# How much space?



## Taeanna (Apr 2, 2013)

I have a question that I have had problems with for a little while now. I have been looking at possible arrangements to make larger community tanks and despite my best look around the threads on this forum I am having trouble finding the numbers I need, so I will list the questions here=

What is the tank space requirement for the most common betta compatible fish/shrimp snails? I feel it is far easier to choose the tank mates, then calculate the space required so I can buy a tank of the right size rather than scramble about buying a tank, then constantly trying to find someone that will 'fit'.

For instance- how much space does a snail need of his own?
Tetras (per tetra, I know they must come in schools by default or if you prefer the space 5 tetras would need)?
Ghost shrimp?
etc etc etc.

I would feel better having all the space numbers written down so I can design a tank from the ground up and cater to everyone's needs instead of adjust as I go.


----------



## jaysee (Dec 9, 2009)

How much space fish need.....is something we all have to decide for ourselves.
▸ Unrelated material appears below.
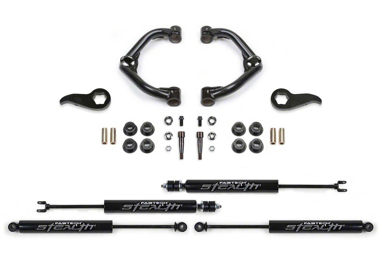 Enhanced Off-Road Capability and Appearance. Transform your 2020-2026 4WD Sierra 2500 HD Double Cab, Crew Cab, whether Double Cab or Crew Cab, with the Fabtech Uniball Upper Control Arm Suspension Lift Kit. This comprehensive kit elevates your truck by 3.5 inches, facilitating the use of up to 34-inch tires for a more aggressive stance and improved off-road performance. The kit includes robust upper control arms, high-performance Stealth shocks, PTFE lined Uniball bearings, and forged torsion bar keys, all designed to enhance your vehicle's suspension for superior handling and durability.

Some people are happy to provide the bare minimum (some the smallest of the small), while others prefer to provide more room than what's "needed".

I will tell you the guideline that I came up with for schooling fish. 1 inch to 1 foot. For every inch in length, the fish needs 1 foot of tank length.


----------



## Flint (Oct 22, 2013)

If you are looking to be able to keep a variety of betta-compatible fish, I would go with a 20 gallon long. You could keep 6-10 tetras, 6-10 cories, a betta, a nerite snail and a handful of ghost shrimp. I think this size will give you the best options.


----------



## Taeanna (Apr 2, 2013)

Thank you both for the help but that wasn't really what I had in mind. Keep in mind I always plan on going over and 'spoiling' everyone when it comes to tank space. But I am a planner by nature which makes it easier for me to choose the fish I want first and then work out the tank size second.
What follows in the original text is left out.